Well written but difficult to penetrate and willfully obscure - Rated 
This is an evocative, highly eclectic book about the Irish wilderness of Connemara. How best to describe it? It's part natural history, part oral history, part topographical survey of the part of Connemara near Roundstone (this forms only part of a trilogy, we are told early on). However its breadth is also its great weakness. The lack of conventional structure and meandering around several issues without conclusion might be seen as charming, but I found it profoundly irritating.
The best parts are when Tim Robinson recounts local stories, preserving in print the lore of the old, which, in a generation would otherwise be forgotten. The author has a keen ear and writes well; often it seems as if you are I a dirty homestead or before a peat fire in some rural pub. Less interesting, I found, were detailed discourses on local nature, or Robinson's attempts at amateur archeology. When Robinson stops writing about people, the book gets bogged down and the narrative loses focus.
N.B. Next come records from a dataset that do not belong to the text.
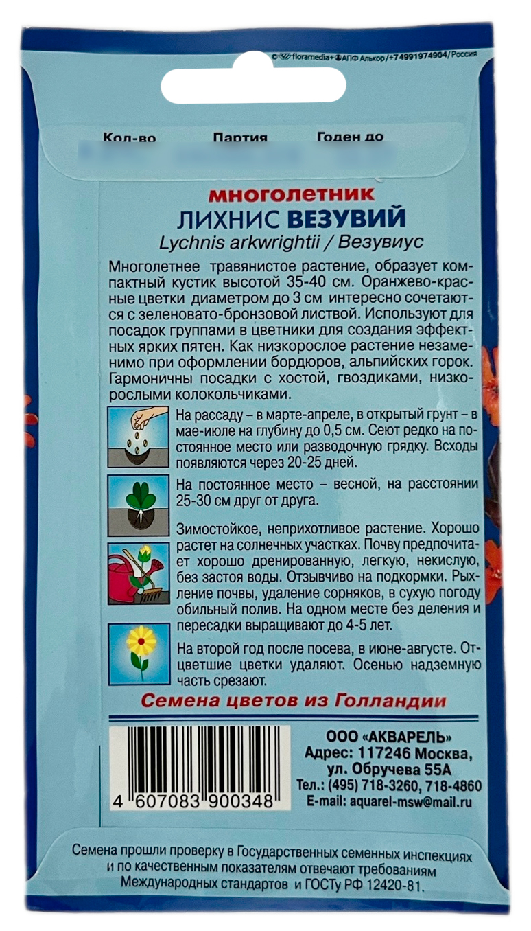 Лихнис ВЕЗУВИЙ АКВАРЕЛЬМноголетнее растение с оранжево-красными цветами на сильно облиственных стеблях. Это необычное по окраске растение наиболее эффектно смотрится в контейнерах и идеально подходит для оформления небольших патио-садиков. Растение невысокое (40 см), кустистое. Бронзово-коричневые листья особенно выразительны в сочетании с яркими, оранжево-красными, крупными цветками, собранными в щитковидные соцветия. Предпочитает солнечные места с хорошо дренированной почвой, зимостойкое, неприхотливое. Используется в групповых и одиночных посадках. На зиму требует легкого укрытия. Семена сеют с марта по июль. Всходы появляются через 20-30 дней при температуре 18-20°C. Сеянцы пикируют в фазе двух настоящих листочков. На постоянное место высаживать осенью или весной. Расстояние между растениями 25-30 см. Для продолжительного и обильного цветения растениям необходим своевременный полив, регулярная прополка, рыхление и подкормка минеральными удобрениями.
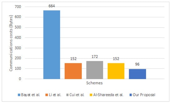 In this section, we present the authentication methods by comparing the relative overhead and transmission costs of the various methods of Bayat et al. [22], Li et al. [23], Cui et al. [24], and Al-Shareeda et al. [25] along with our proposed system of vehicular networks. Given that, this study makes the following assumptions: the product of a hash function is 20 bytes, the product of a timestamp is 4 bytes, the product of a bilinear pair point is 128 bytes, and the product of a point on an elliptic curve is 40 bytes. The message’s end result is not involved in this procedure. Table 5 displays a comparison of the communication costs.
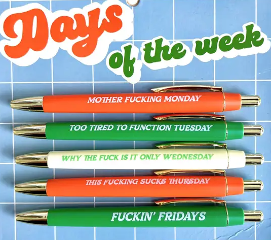 Set of 5 black Ink Ballpoint Pens MOTHER FUCKING MONDAY TOO TIRED TO FUNCTION TUESDAY WHY THE FUCK IS IT...
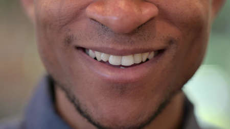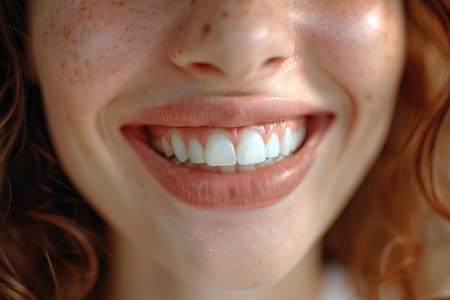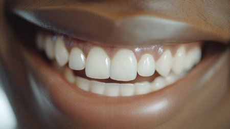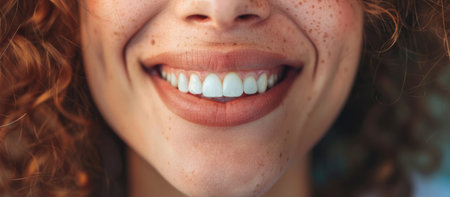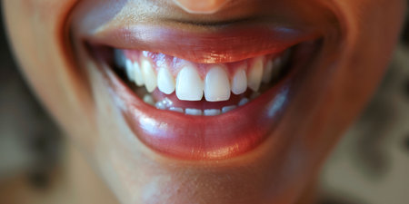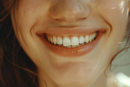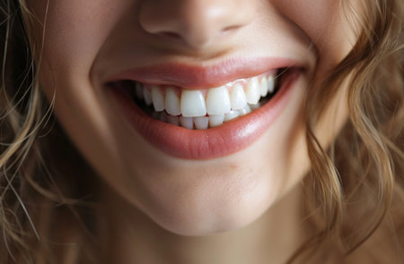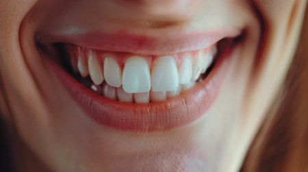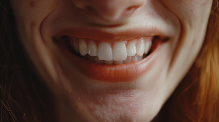 A macro shot capturing a person's smile, showing white teeth and healthy lips

Essentially this is an in-depth local survey. Kudos to Tim Robinson for all the wider critical acclaim and huge sales, but to a non-resident or non-visitor to the area the majority of the book is only of marginal interest. I know many people have romantic visions of Ireland, but really, who's interested in, say, the uncovering of a disused well (as recounted at one point in enormous detail, yet without any real sense of the discovery's significance)? Indeed, could it be that the book's success owes more to misty eyed and idealized visions of Ireland than to what's inside the book's covers? Would Tim Robinson have been as successful if he'd written about the distinctly unromantic boglands of East Anglia or North Wales?
If that is the case, good luck to him. For he is a charming host, a good writer, clearly has a passion for his environment and Connemara's people and deserves his success. My gripe with his book is its eclecticism. Maybe when I next visit Connemara it will all fall into place; but as a one time visitor I found Listening To the Wind frequently difficult to penetrate and willfully obscure. To others never to have been there, it might seem entirely irrelevant.
Simply Wonderful - Rated 
This is one of those real achievements, a book that really invokes the spirit and the feel of a place.
Connemara is often categorised as a travel book but it doesn't so much detail a journey rather than a long experience of exploring one place.
Tim Robinson, while a Yorkshireman, has been living in Connerara for some time. He has studied local sustoms, history and folklore. He has mapped the bogs and the lonley hills and charted the positions of all kinds of historical finds.
This book is the sum of his recent life's work. Here you will find wonderfully evocative chapters on the sea, the islands, the bogs, hills and mountains, together with essays on the history of local people and the land owners who established and then ran the place.
This is a rare gem the really captures the spirit of this part of Ireland. But you don't have to know Ireland to appreciate it. Robinson reveals the area - and tells his stories - in such as way as to make the compulsive reading for anyone interested in people, culture and places - wherever in the world they are.
A real treat.
"...a stylist of exceptional cadence, tact and ingenuity". A pretty damn good review.... - Rated 
I've just finished reading a review in the Telegraph on this book and here is part of it:
In Connemara, Listening to the Wind Robinson walks the mainland region where he has lived for the past 20 years - it stretches for 40 miles to the north-west of the city of Galway, a vast intricacy of stone, bog, involuted shoreline and scattered islands - in search of the same emotional and intellectual answer to the ground at his feet. The book begins by acknowledging another's passage across the same territory, in the story of a ghillie who died by the river he had worked for years.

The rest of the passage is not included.